Summer 2003: Algorithm Library Design
Projects
The course requires a project for grading (40%). The project is
chosen on mutual agreement with the lecturers. The student can propose
a project or the student can choose from the suggested projects
below. The project could be, for example, redesigning some part of an
existing system or another project (thesis work etc.) into a library
module. Some projects are intentionally "open end" and can be extended
to a FoPra, bachelor, master or diploma thesis at the end of the
course.
After four weeks (Tuesday, 20.05.03), a short presentation of the
project is expected in class. The student presents the problem, the
objectives that the student wishes to address with the design, and the
first plans for the design and its realization. At the end of the term
(Thursday, 24.07.03) a final presentation is expected. We plan to add
further milestones for the project to ensure a steady progress.

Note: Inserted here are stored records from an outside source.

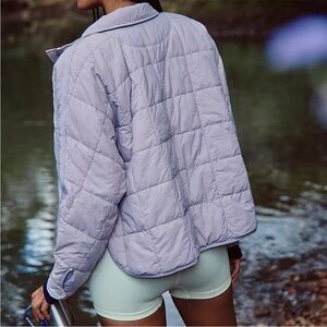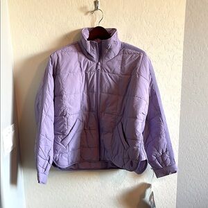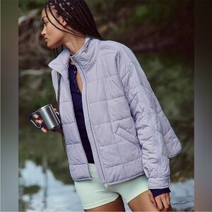 Stylish quilted jacket. Features a full zip front. Cozy and warm. Perfect for chilly days.
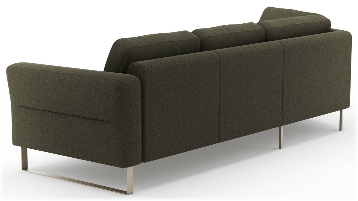 Komfort trifft klares Design: Das Ecksofa Leona - Ecke mit 2,5-Sitzer rechts, Stoff, Braungrün von Global Family vereint modernen Stil mit einem braungrünen Stoffbezug und Metallkufen in Beige. Die rechte Eckkonfiguration bietet großzügigen Sitzraum; die Sitzhöhe beträgt ca. 45 cm für bequemes Ein- und Aussteigen. Marke: Global Family; Stil: Modern; Farbe: Braungrün; Material: Stoff; Füße: Metall (Form: Kufe), Farbe Füße: Beige. Bei einer Beratung im lokalen Möbelhaus eröffnen sich für Sie viele weitere Konfigurationsmöglichkeiten, etwa andere Farben, Stoffe oder Leder.
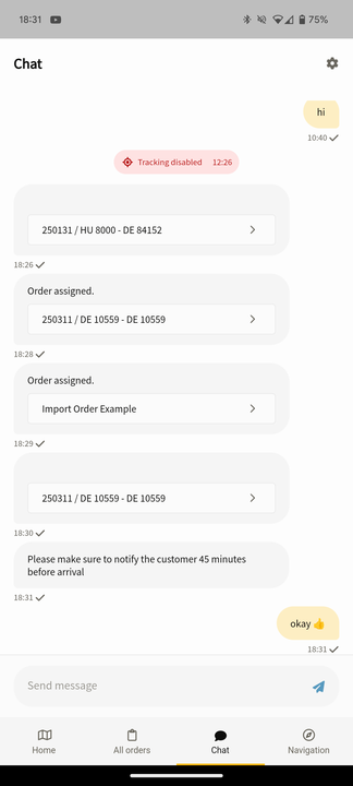 - ストップごとに注文ステータスを更新: 各ストップのステータス (積み込み開始、積み込み完了、給油、休憩、待機など) を更新します。証拠として GPS 位置追跡を使用して待ち時間を文書化します。

The projects have to be realized in C++. We suggest teamwork, and
if several students pick the same project, we insist on teams. Teams
can consist of two or three students. Two teams can share the same
project. Students that come later than the first two teams of the same
project have to select a different project.
Suggestions for Projects
No previous knowledge in the domain is required.
-
Exact String Matching
[Kärkkäinen]
-
Compact Container for Graphs [Pion]
-
C++ allocators based on the design
of vmalloc
[Kärkkäinen]
-
Polygon Triangulation [Kettner]
-
Bucketing/Grid Data Structure [Pion,Kettner]
-
Binary Space Partition (BSP) Tree Data Structure [Pion,Kettner]
-
Priority Queues: generative programming with different requirements
on the priority queue, such as monotone priority queue, existence of
a decrease-key function etc. [Kärkkäinen]
-
Radix Sorting: various algorithms that all work on a generic type,
e.g. integers or doubles. [Kärkkäinen]
-
Bit-vector: targeted for bit-parallel algorithms, for example realized
with machine-word sized integers. Specializations for fixed number of bits.
[Kärkkäinen,Pion]
-
Generic CGAL Kernel, for example, 2D projection of 3D geometry [Pion]
-
Implement R.J. Lipton, R.E. Tarjan. A Separator Theorem for planar
graphs. SIAM J. Appl. Math. 36 (1979), pp. 177-189, as a generic
graph algorithm to work on graphs in the Boost
Graph Library, on the Halfedge Data Structure in
CGAL, and on graphs in LEDA.
[Kettner]
Previous knowledge in the domain is required!
-
Generic Mesh Algorithms [Kettner]
-
Point Location in 2D Triangulations and Planar Maps [Pion]
-
Image Processing Library: 2d-iterator, filter algorithms. [Kettner,Pion]
-
Generic compression algorithms. Huffman, Lempel-Ziv, arithmetic coding,
Burrows-Wheeler transform (bzip2). [Kärkkäinen,Pion,Kettner]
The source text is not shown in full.